Özellikle kadınlara bu zulüm yapılıyor. Ailelerinden uzak cezaevlerine yollanıyor, 1 metre karelik kafeslerde kelepçeli aç susuz 7/8 saatlik yollara götürülüyor, yerlerde yatırılıyor, pislik içinde hücrelerde tutuluyorlar.
Bu işkencelerin neden yapıldığını çok iyi biliyoruz. Bu kumpası planlayanların elinde hiçbir delil yok, herkesi baskıyla, şantajla, tehditle, işkenceyle 'iftiracı' yapmak istiyorlar. Kendi düştükleri çukurdan bu şekilde çıkabileceklerini düşünüyorlar.

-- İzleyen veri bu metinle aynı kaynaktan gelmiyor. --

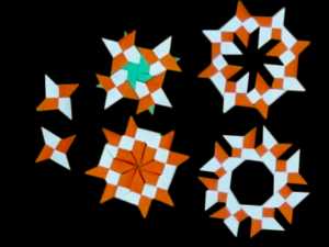 Дети очень изобретательны: из четырехконечных сюрикенов они придумали собирать более сложное оружие – связку звезд. Она выглядит внушительно, имеет большие размеры за счет использования от 4 до 8 стандартных сюрикенов. Такие модели чаще всего используют самые заядлые любители оригами, которые поняли суть этого искусства, научились модернизировать базовые модели под свои нужды.

Bu zulmü tüm milletimiz bilsin, duysun, paylaşsın. Bu kadınların, bu annelerin, bu çocukların ahı bu kötülüğü yapanların, ortak olanların, sesini çıkarmayan herkesin boynuna.
Ekrem İmamoğlu”
Bu zulüm ileride kitaplarda anlatılacak. Gelecek nesiller utanç sarayında, utanç müzesini gezecek ve bugünleri hayretle dinleyecek. Ve bu iş bittiğinde herkes birbirini malum partili olmakla, ona oy vermekle suçlayacak. Torunlarına ben şu partiye oy verdim demeye utanacaklar!
Daha dün af kapsamında ne kadar kriminal tip varsa saldılar ama hanedanın tehdit olarak gördüğü Ekrem İmamoğlu içeride! Ayrıca çay ve kek için ülkeyi boş veren şeyler içeriklere girip şebeklik yapmasın. :)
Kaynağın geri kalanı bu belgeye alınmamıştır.